Thanks for reading my request.

Can you post the content of the mouse conf file you are using here please

Also, as an aside, the reason you were unable to paste the “mouse.conf” file into the “etc/init” folder is because you need to be using Caja as root. To open Caja as root, type the following into a terminal:

sudo caja

Once opened, navigate to the “etc/init” folder and then leave this window open on the desktop. Then open up a new Caja window in the normal way and navigate to where you currently have your “mouse.conf” file stored. Then drag and drop (or copy and paste) the “mouse.conf” file from that window to the other, root Caja window, that is open at “etc/init”.

Hi stevecook, thanks for your quick reply.

I managed to move the mouse.conf into the etc/init folder. However it does not run at startup. I still need to run it manually. Here is the content of the file:

xinput --set-prop “USB Optical Mouse” “Device Accel Constant Deceleration” 4
xinput --set-prop “SynPS/2 Synaptics TouchPad” “Device Accel Constant Deceleration” 6

This will slow down the cursor of the touch pad and the mouse. I’ve changed the last number in the command line till I found the right cursor speed. Is there maybe another command I need to add for it to run automatically at start-up?

Ok, then if it were me, I would do the following:

  1. Open a blank Pluma document (you can find Pluma in the "applications/accessories" menu)

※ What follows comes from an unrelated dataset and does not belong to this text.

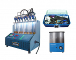Стенд для проверки и промывки 6 инжекторов в ультразвуковой ванне. Автоматический слив тестирующей жидкости. Работает от сжатого воздуха. Имитация работы форсунок происходит с помощью встроенного электронного блока управления форсунками. В комплект поставки входит ультразвуковая ванна объемом 2,0 литра с подогревом и мощностью генератора 60 ВТ.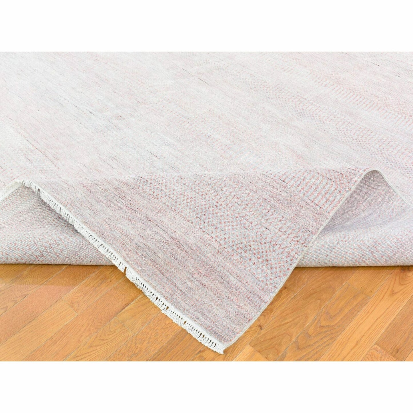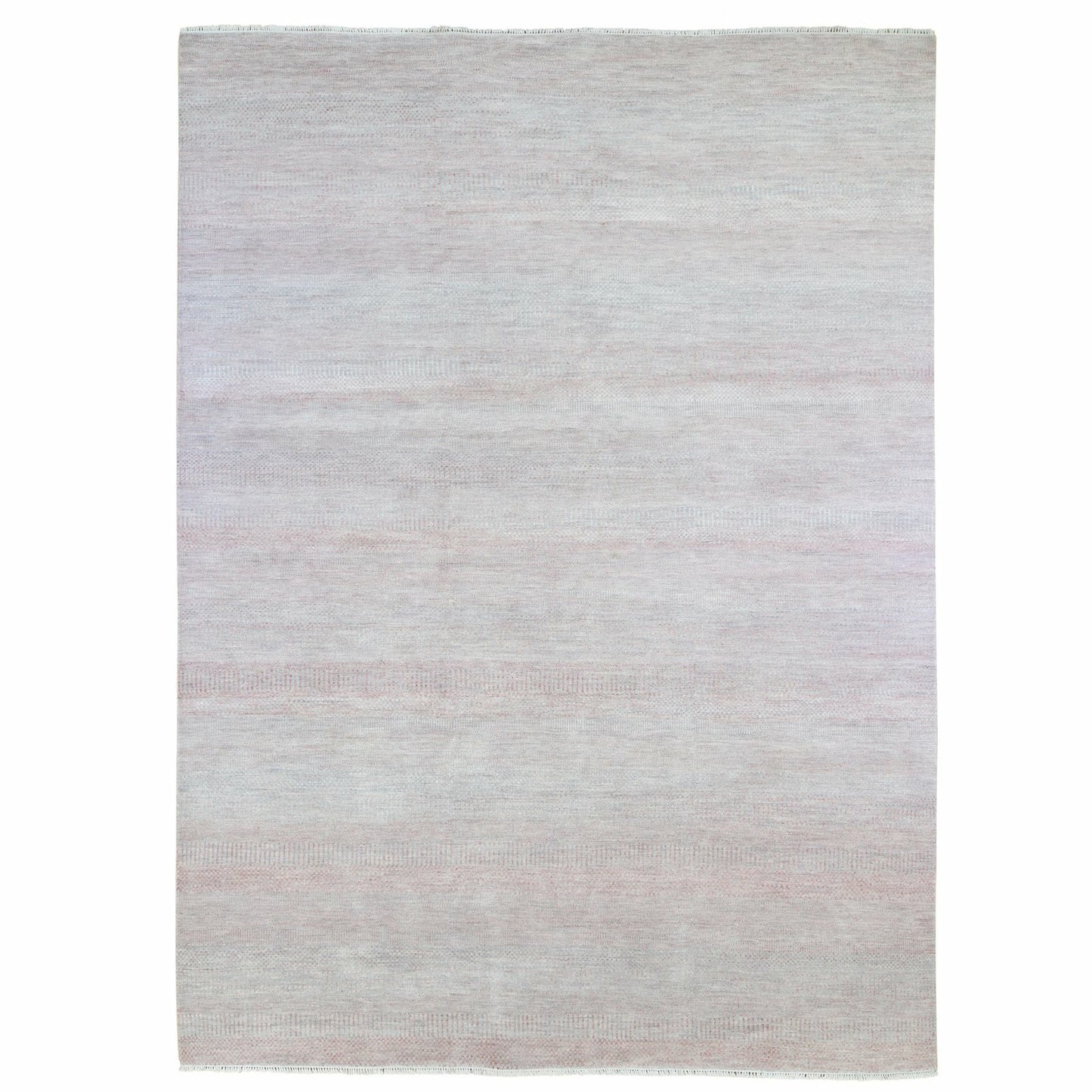 9'X12'1" Pink Grass Design Gabbeh Hand Knotted Wool And Silk Modern Rug

Paste the following into it:

sleep 5
xinput --set-prop "USB Optical Mouse" "Device Accel Constant Deceleration" 4
xinput --set-prop "SynPS/2 Synaptics TouchPad" "Device Accel Constant Deceleration" 6

Save the document somewhere in your home folder as ""

  1. Open Caja and navigate to where you have the "" file stored and right-click it and select "properties" and then go to the "permissions" tab and check the "allow executing file as program" check-box . See below:

Then close the "properties" dialog box (congratulations, you have just written your first bash script.... :slight_smile: )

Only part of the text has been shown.